A discussion of the trial decision of the Federal Court is provided in our earlier publication Talking Tax - Issue 81.
Assessing the risk: allocation of profits within professional firms
The ATO has recently conducted a review into its Guidelines on the risks surrounding the allocation of profits within professional firms and the use of Everett Assignments (Guidelines) following the initial suspension of the Guidelines in December 2017.
When the ATO first suspended the Guidelines, they noted that they were aware the Guidelines were being misinterpreted in relation to arrangements that went beyond their scope. The only specific examples given by the ATO at the time were the use of related-party financing and self-managed super funds.

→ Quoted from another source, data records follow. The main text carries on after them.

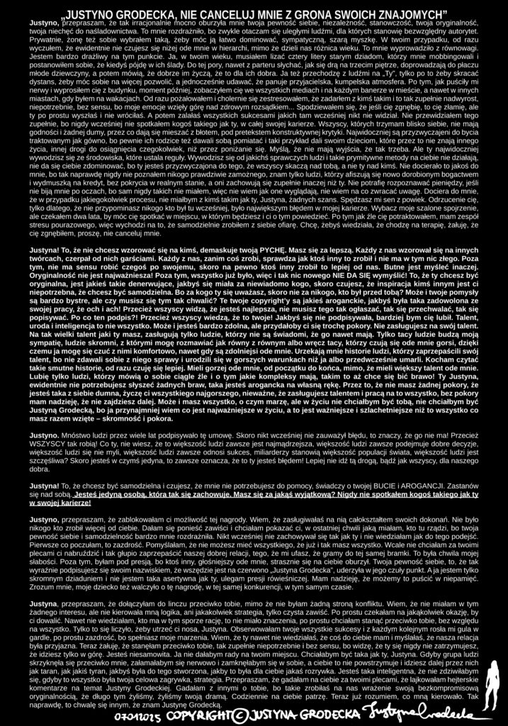 „JUSTYNO GRODECKA, NIE CANCELUJ MNIE Z GRONA SWOICH ZNAJOMYCH”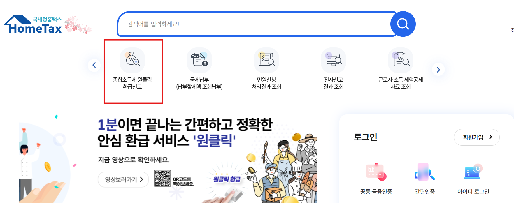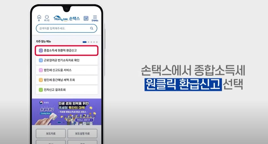 홈택스 첫 화면에 보이는 ‘원클릭 환급 신고’ 배너를 클릭합니다. 이 버튼을 통해 바로 환급 신청 화면으로 이동할 수 있습니다.
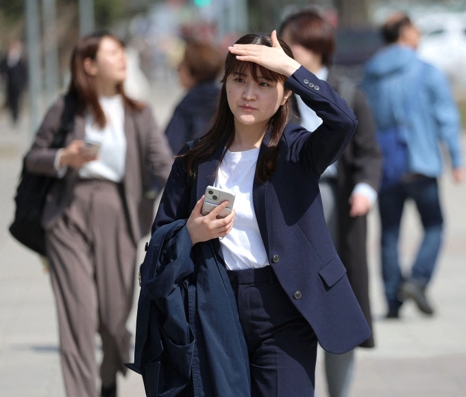 Một phụ nữ trẻ Nhật Bản đi bộ trên đường phố Sapporo, Hokkaido, ngày 8/4/2024. Ảnh: AFP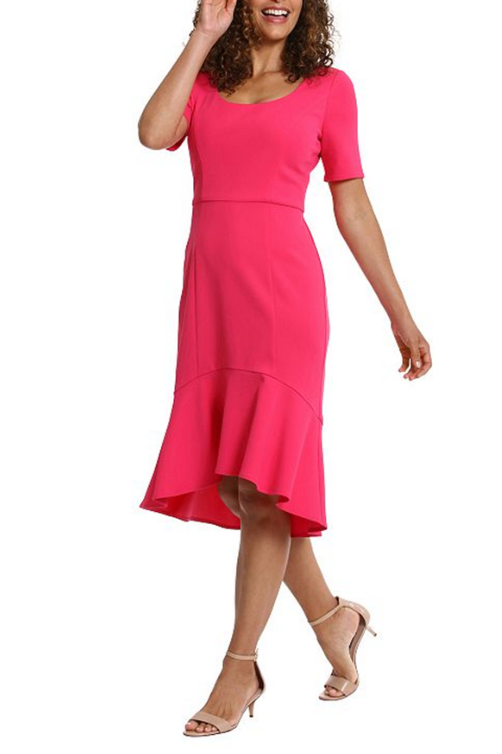London Times Flounce Hem Short Sleeve Sheath Dress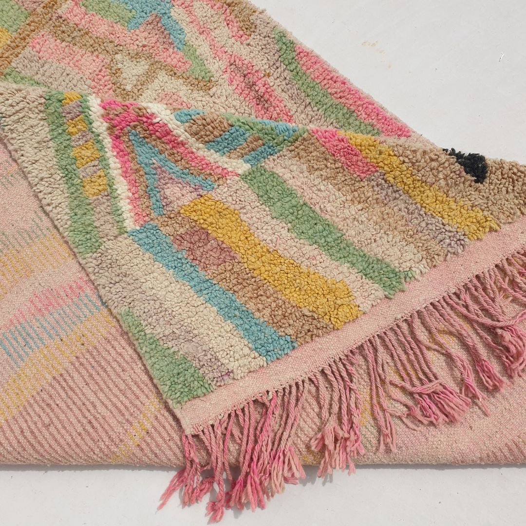 Boujad, l'Étonnant berbère poids léger tapisLe design s'inspire des tapis Kilim. Également appelé Hanbal, en raison de son côté bohème et moderne. scandinave, et berbère marocain traditionnel style, il n'a qu'un seul côté, il est généralement utilisé pour les sols ou pour décorer les murs des intérieurs.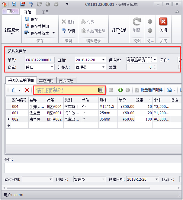 軟件支持兩種配件入庫操作:批量和單個配件產品入庫。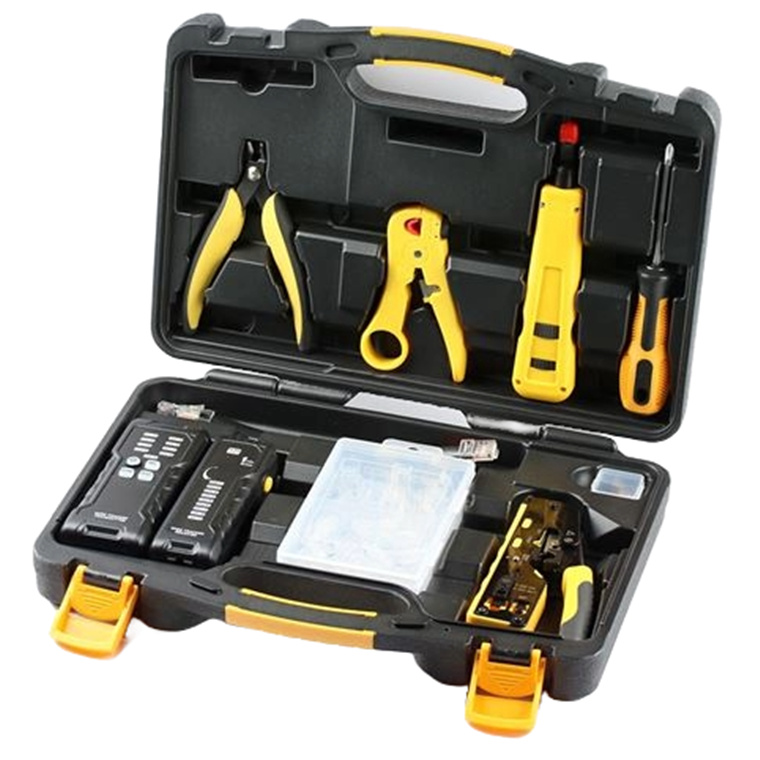 Sprotek STK-9603 6 Piece Network Installation Kit with Storage Case. Includes Punch Down Tool,RJ45LAN Cable Tester, Stripper and Cutter, Modular Crimping Tool.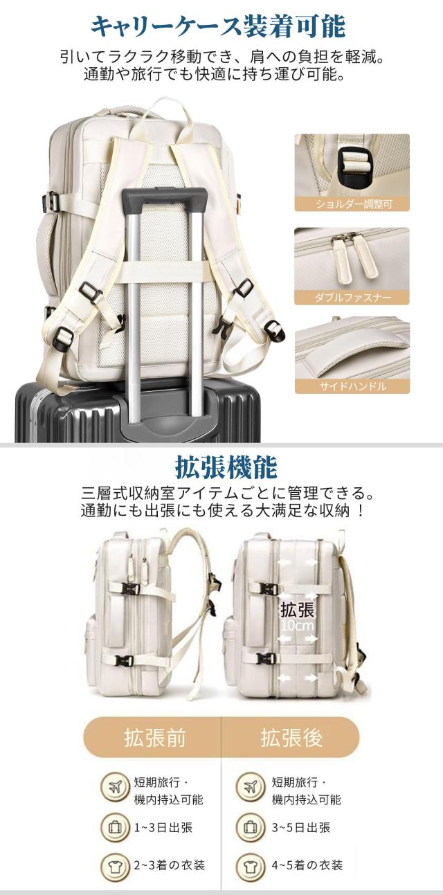 ビジネスリュック メンズ 大容量 拡張可能 撥水 軽量 旅行 通勤用 パソコン対応 多機能 リュックサック レディース兼用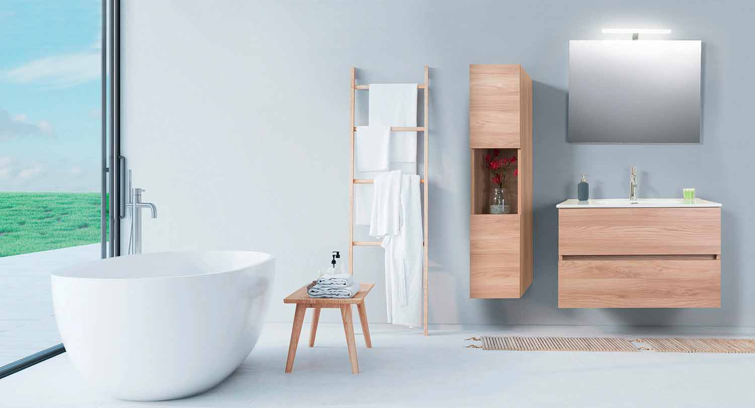 jednoduché a designové složení zavěšeného koupelnového nábytku vyrobeného v Itálii s vysoce kvalitními materiály.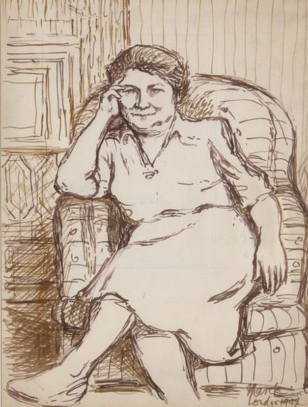 „Portret matki artysty” (Kazimiery Żuławskiej), 1947<br>pisak, tusz i akwarela na papierze<br>(Wł. MUT)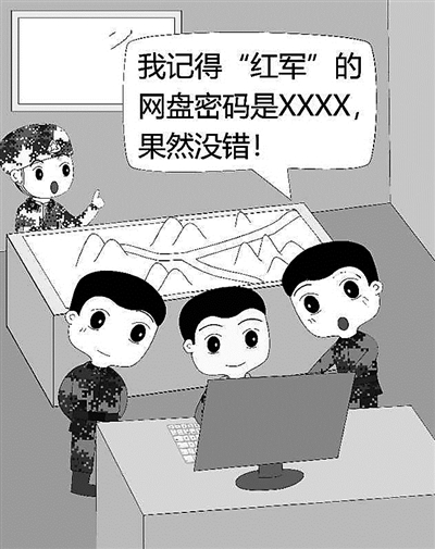 ????演練結(jié)束,這名文書(shū)坦言,他早就知道對(duì)方的網(wǎng)盤(pán)密碼。原來(lái),此前,各營(yíng)文書(shū)為了便于工作交流,有時(shí)會(huì)使用網(wǎng)盤(pán)傳輸或分享文件,一些網(wǎng)盤(pán)用戶(hù)名和密碼不少人都知道。這次演練前,“藍(lán)軍”營(yíng)文書(shū)在用網(wǎng)盤(pán)調(diào)取查閱資料時(shí),無(wú)意中在對(duì)方網(wǎng)盤(pán)中發(fā)現(xiàn)了秘密。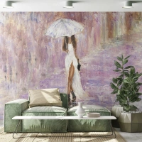 Custom Wallpaper Premium Canvas - In Liliac Rain - Woman, Fashion, Walk in the rain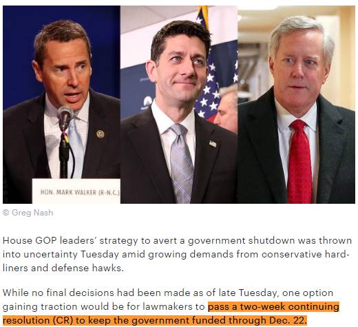 不久之前,美国国会刚刚通过了历史上最大的税改法案,两院对于税改还需要进行磋商妥协达成一个两院一致认可的版本。这将是接下来一周的国会重头戏。由此可见,现行预算案的顺延是势在必行的。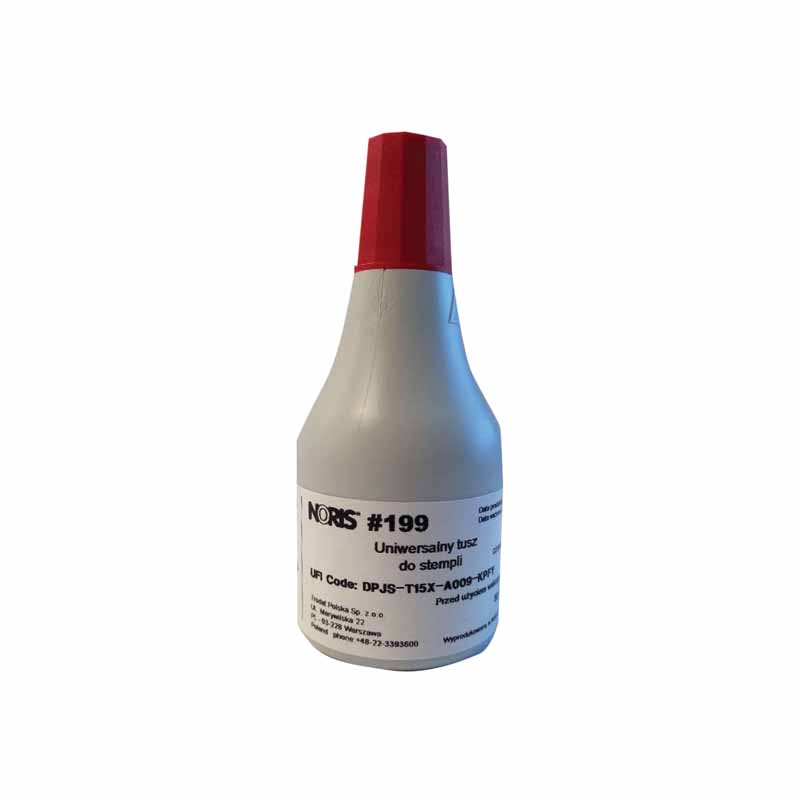 Tusz Noris 210 jest dostępny w buteleczce o pojemności 25 ml, która jest wyposażona w końcówkę ułatwiającą nasączenie poduszek. Dzięki temu napełnianie poduszek tuszem jest szybkie i bezproblemowe, a nakrętka w kolorze tuszu pozwala na łatwą identyfikację i wygodne przechowywanie.
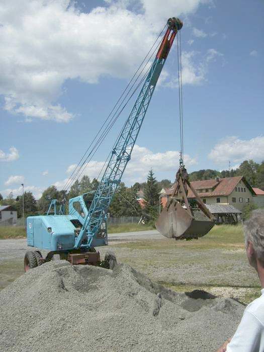 Seilbagger ist betriebsbereit. Für ihn ist eine Seilflasche,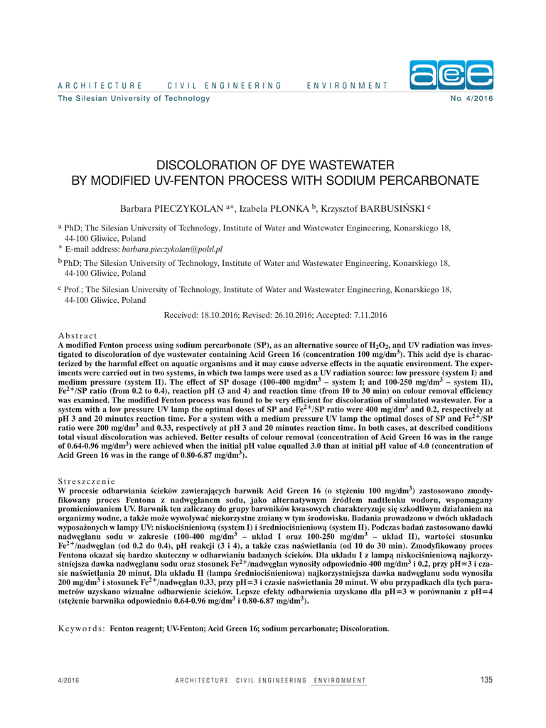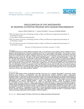 A R C H I T E C T U R E C I V I L E N G I N E E R I N G E N V I R O N M E N T T h e S i l e s i a n U n i v e r s i t y o f Te c h n o l o g y N o. 4 / 2 0 1 6 DISCOLORATION OF DYE WASTEWATER BY MODIFIED UV-FENTON PROCESS WITH SODIUM PERCARBONATE Barbara PIECZYKOLAN a*, Izabela PŁONKA b, Krzysztof BARBUSIŃSKI c a PhD; The Silesian University of Technology, Institute of Water and Wastewater Engineering, Konarskiego 18, 44-100 Gliwice, Poland * E-mail address: [email protected] b PhD; The Silesian University of Technology, Institute of Water and Wastewater Engineering, Konarskiego 18, 44-100 Gliwice, Poland c Prof.; The Silesian University of Technology, Institute of Water and Wastewater Engineering, Konarskiego 18, 44-100 Gliwice, Poland Received: 18.10.2016; Revised: 26.10.2016; Accepted: 7.11.2016 Abstract A modified Fenton process using sodium percarbonate (SP), as an alternative source of H2O2, and UV radiation was investigated to discoloration of dye wastewater containing Acid Green 16 (concentration 100 mg/dm3). This acid dye is characterized by the harmful effect on aquatic organisms and it may cause adverse effects in the aquatic environment. The experiments were carried out in two systems, in which two lamps were used as a UV radiation source: low pressure (system I) and medium pressure (system II). The effect of SP dosage (100-400 mg/dm3 – system I; and 100-250 mg/dm3 – system II), Fe2+/SP ratio (from 0.2 to 0.4), reaction pH (3 and 4) and reaction time (from 10 to 30 min) on colour removal efficiency was examined. The modified Fenton process was found to be very efficient for discoloration of simulated wastewater. For a system with a low pressure UV lamp the optimal doses of SP and Fe2+/SP ratio were 400 mg/dm3 and 0.2, respectively at pH 3 and 20 minutes reaction time. For a system with a medium pressure UV lamp the optimal doses of SP and Fe2+/SP ratio were 200 mg/dm3 and 0.33, respectively at pH 3 and 20 minutes reaction time. In both cases, at described conditions total visual discoloration was achieved. Better results of colour removal (concentration of Acid Green 16 was in the range of 0.64-0.96 mg/dm3) were achieved when the initial pH value equalled 3.0 than at initial pH value of 4.0 (concentration of Acid Green 16 was in the range of 0.80-6.87 mg/dm3). Streszczenie W procesie odbarwiania ścieków zawierających barwnik Acid Green 16 (o stężeniu 100 mg/dm3) zastosowano zmodyfikowany proces Fentona z nadwęglanem sodu, jako alternatywnym źródłem nadtlenku wodoru, wspomagany promieniowaniem UV. Barwnik ten zaliczany do grupy barwników kwasowych charakteryzuje się szkodliwym działaniem na organizmy wodne, a także może wywoływać niekorzystne zmiany w tym środowisku. Badania prowadzono w dwóch układach wyposażonych w lampy UV: niskociśnieniową (system I) i średniociśnieniową (system II). Podczas badań zastosowano dawki nadwęglanu sodu w zakresie (100-400 mg/dm3 – układ I oraz 100-250 mg/dm3 – układ II), wartości stosunku Fe2+/nadwęglan (od 0.2 do 0.4), pH reakcji (3 i 4), a także czas naświetlania (od 10 do 30 min). Zmodyfikowany proces Fentona okazał się bardzo skuteczny w odbarwianiu badanych ścieków. Dla układu I z lampą niskociśnieniową najkorzystniejsza dawka nadwęglanu sodu oraz stosunek Fe2+/nadwęglan wynosiły odpowiednio 400 mg/dm3 i 0.2, przy pH=3 i czasie naświetlania 20 minut. Dla układu II (lampa średniociśnieniowa) najkorzystniejsza dawka nadwęglanu sodu wynosiła 200 mg/dm3 i stosunek Fe2+/nadwęglan 0.33, przy pH=3 i czasie naświetlania 20 minut. W obu przypadkach dla tych parametrów uzyskano wizualne odbarwienie ścieków. Lepsze efekty odbarwienia uzyskano dla pH=3 w porównaniu z pH=4 (stężenie barwnika odpowiednio 0.64-0.96 mg/dm3 i 0.80-6.87 mg/dm3). K e y w o r d s : Fenton reagent; UV-Fenton; Acid Green 16; sodium percarbonate; Discoloration. 4/2016 ARCHITECTURE CIVIL ENGINEERING ENVIRONMENT 135

The ATO has now set out a list of specific concerns following its review of the Guidelines, which are listed below:
- Lack of any meaningful commercial purpose regarding arrangements including, but not limited to:
- disposal of an equity interest through multiple assignments;
- the creation of new discretionary entitlements such as Dividend Access Shares; and
- utilising amortisation leading to differences between tax and accounting income.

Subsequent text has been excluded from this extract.